The average number of seed sharings per farmer in the eight study sites in four countries.
Table 2.
The number of first-, second-, third- and fourth-generation farmers interviewed (#), the percentage of them (%) passing on seed to another farmer by country and the average number of ‘sharings’.
Country | Ghana | Kenya | Malawi | Zimbabwe | Average % of farmers passing on seeda | ||||
---|---|---|---|---|---|---|---|---|---|
Generation | # | % | # | % | # | % | # | % | |
First | 11 | 100 | 15 | 93 | 19 | 100 | 31 | 87 | 95 |
Second | 30 | 0 | 60 | 45 | 28 | 36 | 32 | 31 | 28 |
Third | n.a. | n.a. | 20 | 40 | 14 | 36 | 6 | 17 | 31 |
Fourth | n.a. | n.a. | 4b | 25 | n.a. | n.a. | n.a. | n.a. | 25 |
a Average of percentages over the four countries.
b One person only.
The relational aspects of seed sharing: Gender, family and friends
Considering the total number of interviewed farmers, aggregated over the different generations, the majority we interviewed were women: 65% (36% in Ghana, 58% in Kenya, 69% in Malawi and 75% in Zimbabwe). Of all women in the study (n = 156), 52% shared seeds with others (Table 3). The percentage of men in this study (n = 82) that shared seed was at least as high (59%), and they shared on average with at least as many other farmers as women (Table 3): on average women shared 2.5 times with others, men did so with on average 3.4 others. The differences between male and female farmers were not significant. This means that the hypothesis that women might share seed more often than men because (1) legumes are often considered a women’s crop and (2) women are more reliant on social relationships could not be confirmed through this study.
Table 3.
Percentage (%) of women (n = 156) and men (n = 82) who shared seed, and the number of farmers with whom they shared seed (#).
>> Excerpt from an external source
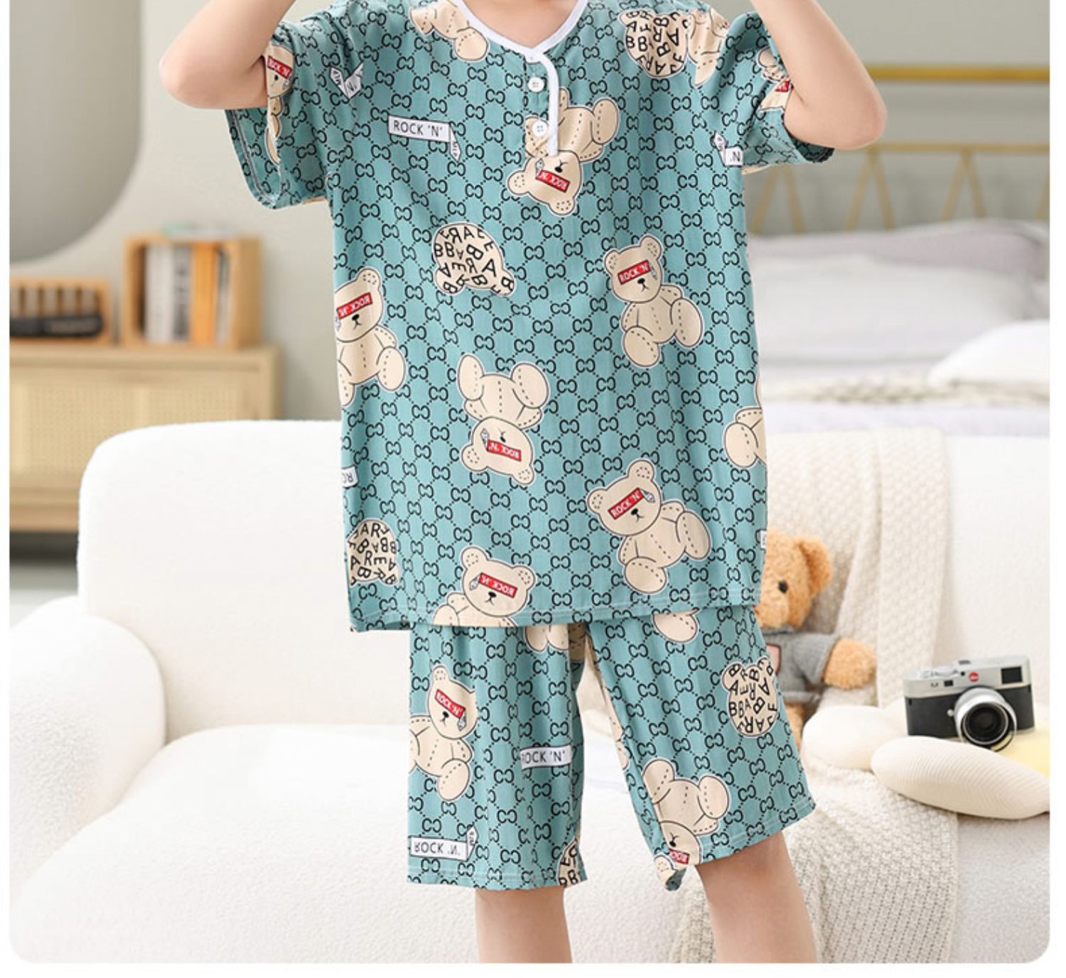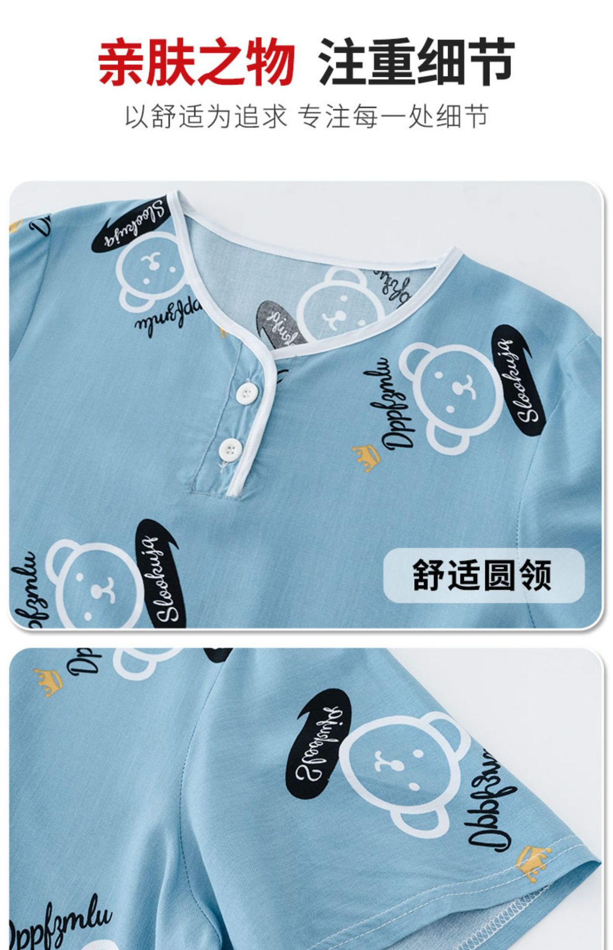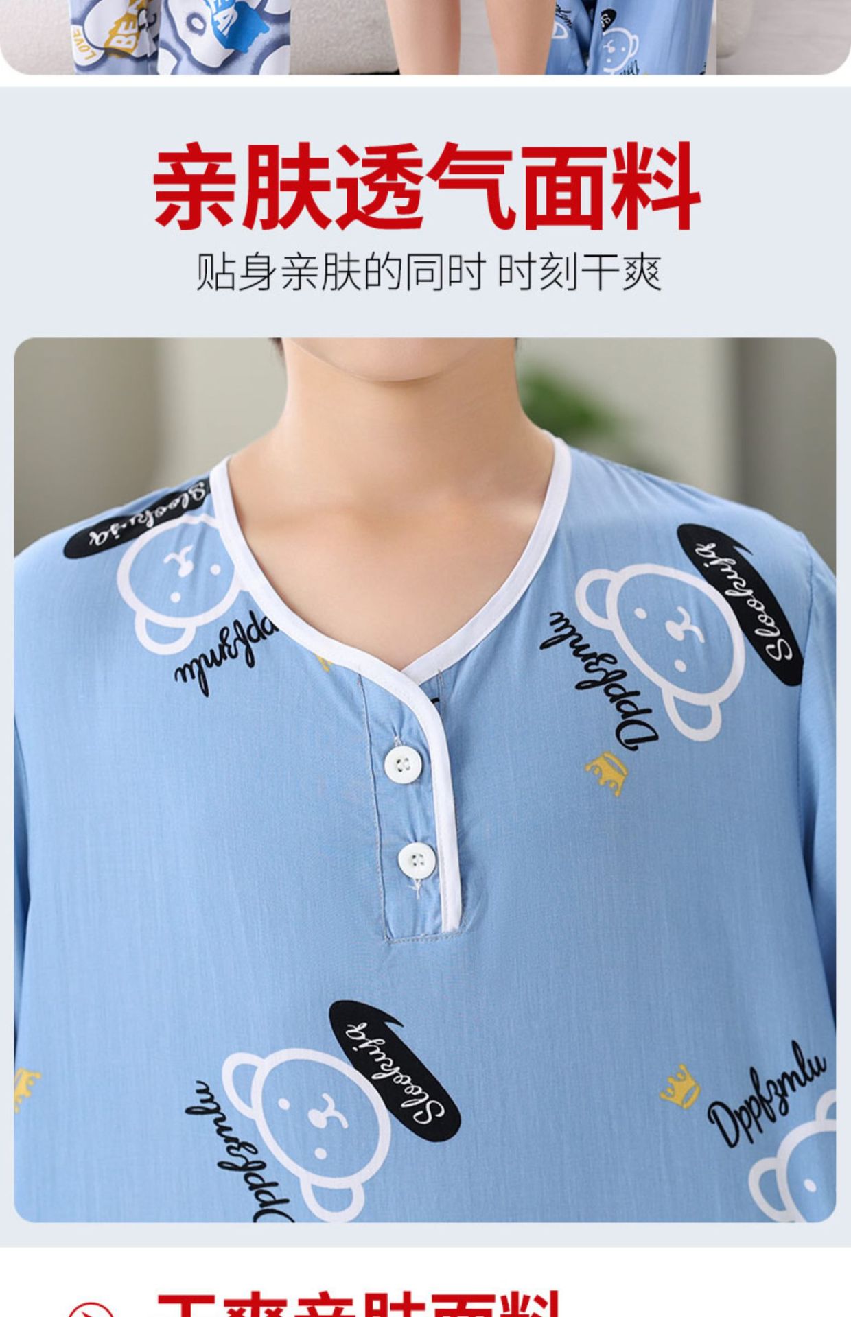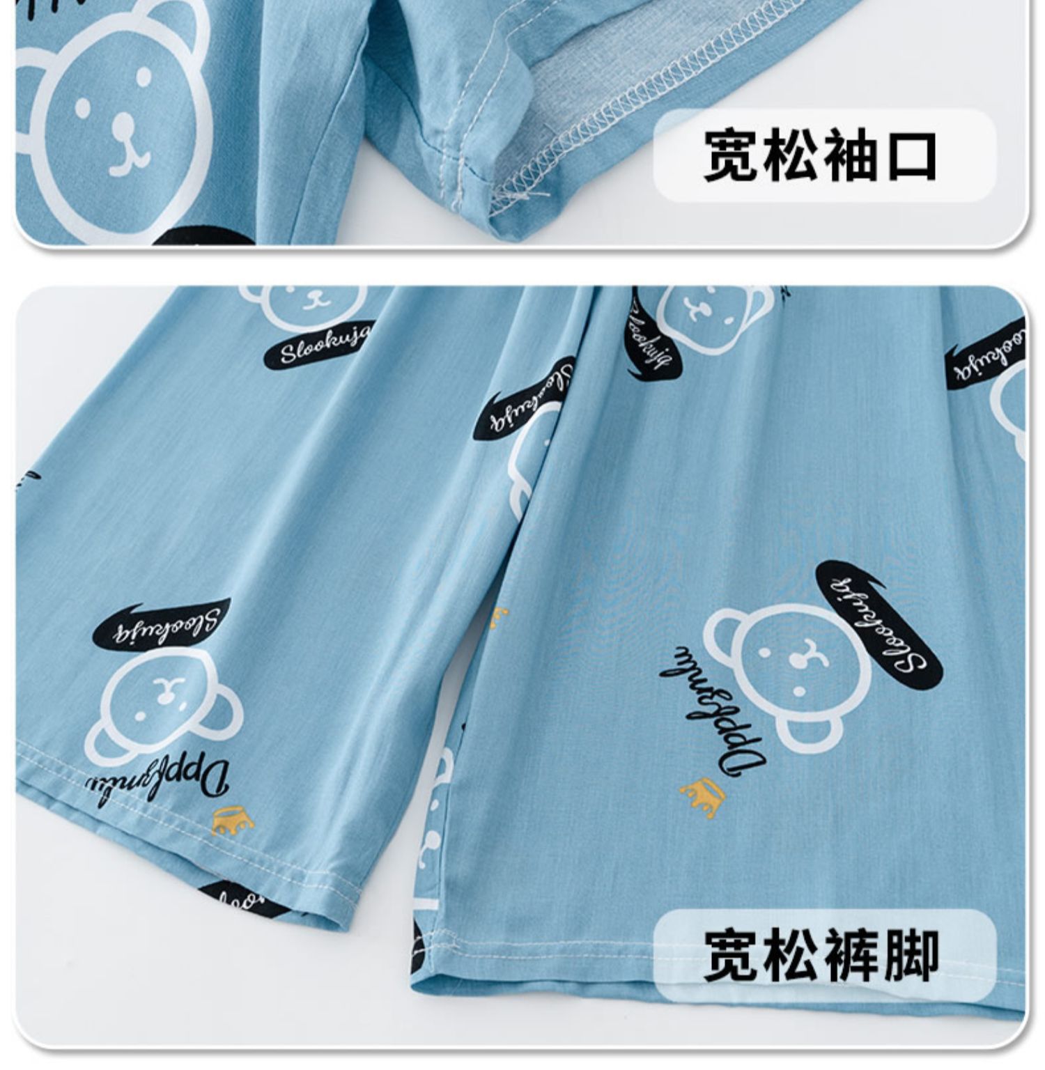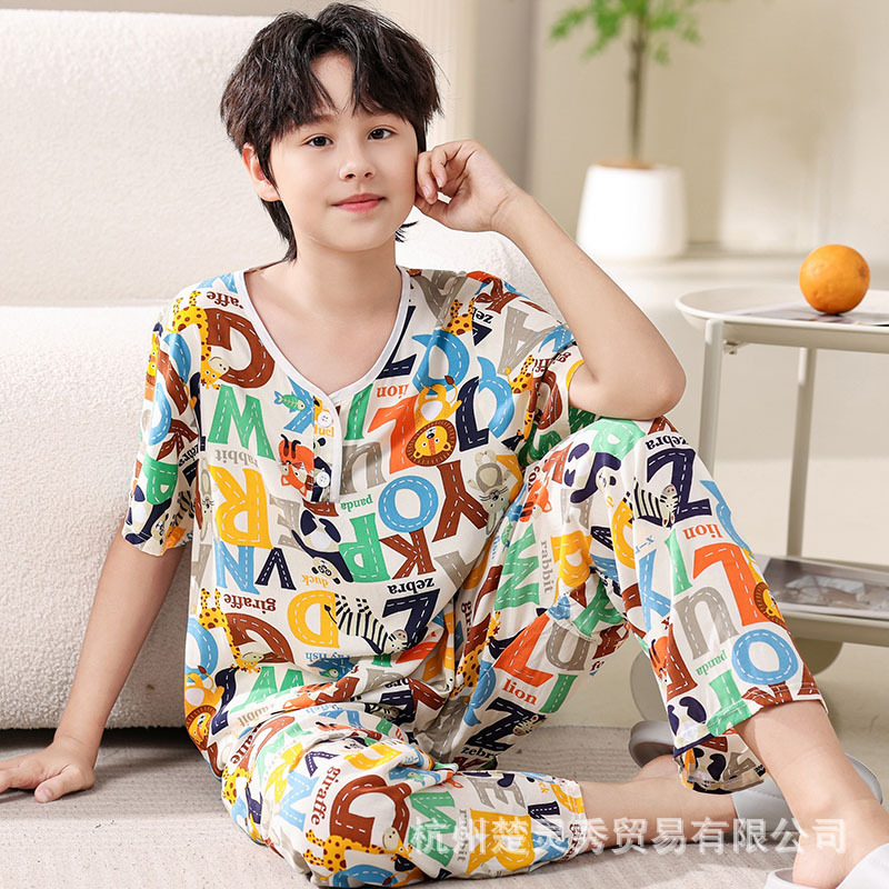 십대 면 실크 잠옷 남자의 중학교 긴 소매 세트 느슨한 면 실크 에어컨 세트 여름 얇은 중대형 어린이스토어 가기

Ghana (n = 41) | Kenya (n = 96) | Malawi (n = 61) | Zimbabwe (n = 70) | Averagea (n = 268) | ||||||
---|---|---|---|---|---|---|---|---|---|---|
% | # | % | # | % | # | % | # | % | # | |
Women | 18 | 4.0 | 45 | 1.9 | 57 | 3.7 | 53 | 2.0 | 52 | 2.5 |
Men | 36 | 5.0 | 55 | 2.8 | 53 | 4.0 | 59 | 2.6 | 59 | 3.4 |
a Weighted average over 268 farmers. Data from the three farmer groups in Kenya are not included.
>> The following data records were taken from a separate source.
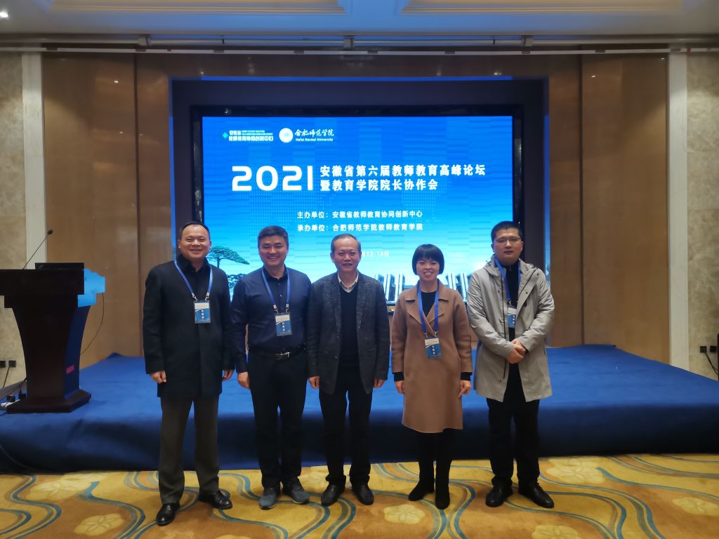 本网讯(教科院 李卯)为进一步建设安徽省高质量教师教育体系,加强高校教育学院之间的学术交流和协同创新,共同推动教师教育学科发展,由安徽省教师教育协同创新中心主办、合肥师范学院教师教育学院承办的安徽省第六届教师教育高峰论坛暨教育学院院长协作会11月13日在合肥召开。来自安徽师范大学、淮北师范大学、安庆师范大学、阜阳师范大学等全省10所高等院校教育学院院长和教师教育研究专家学者等40余人现场参会。教科院院长李宜江教授、副院长辛治洋教授及阮成武教授、王芳副教授、李卯副教授一行五人参加了本次论坛。
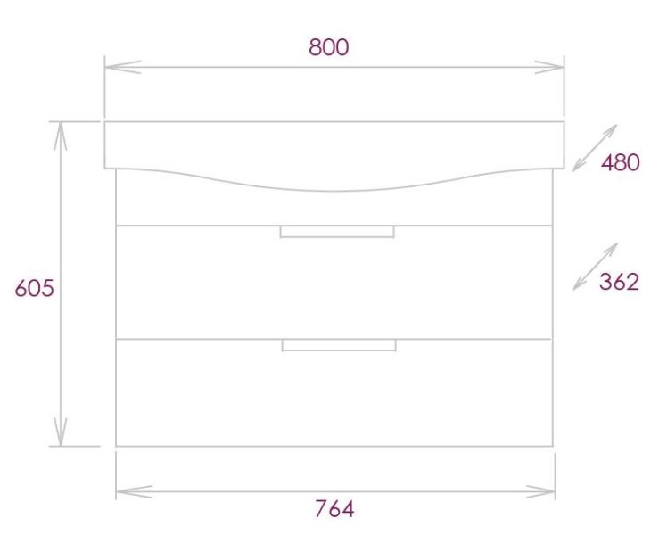 Размеры тумбы без учета раковины: 76х36х50см.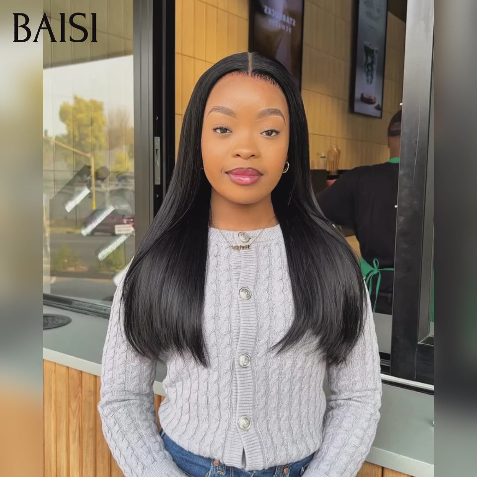 Promo Noël BAISI 13x4 Frontal Perruque Lisse 16 pouce 89€ en Couleur NOIR moitié prix en 100% Cheveux Humains MP50

Another gender aspect of sharing is with whom men and women shared. Sharing took place predominantly between farmers of the same sex (p < 0.001). However, women were more likely to share with farmers of the same sex then men (p < 0.001): 87% of all women-sharings were with other women, whereas men shared 55% with men (Table 4). There were significant country-specific differences (p < 0.05), with differences between sexes being low in Ghana compared to other countries: in Ghana, the proportion of sharing with members of the same sex was highest for both men and women. The tendency of men in Kenya, Malawi and Zimbabwe to share relatively often with women – as compared to women with men – may be due to legumes and seeds being viewed mainly as female domains (e.g. Bezner-Kerr, 2007; Pircher et al., 2013). We have no explanation for the difference as compared to Ghana.
Table 4.
The percentage of seed sharings between farmers of same sex, that is, women with women and men with men (n = 374).a
Ghana (%) | Kenya (%) | Malawi (%) | Zimbabwe (%) | Total (%) | |
---|---|---|---|---|---|
Women who shared with women | 87 | 87 | 85 | 91 | 87 |
Men who shared with men | 95 | 44 | 47 | 35 | 56 |
aThirty-two transactions from the three farmer groups in Kenya are not included.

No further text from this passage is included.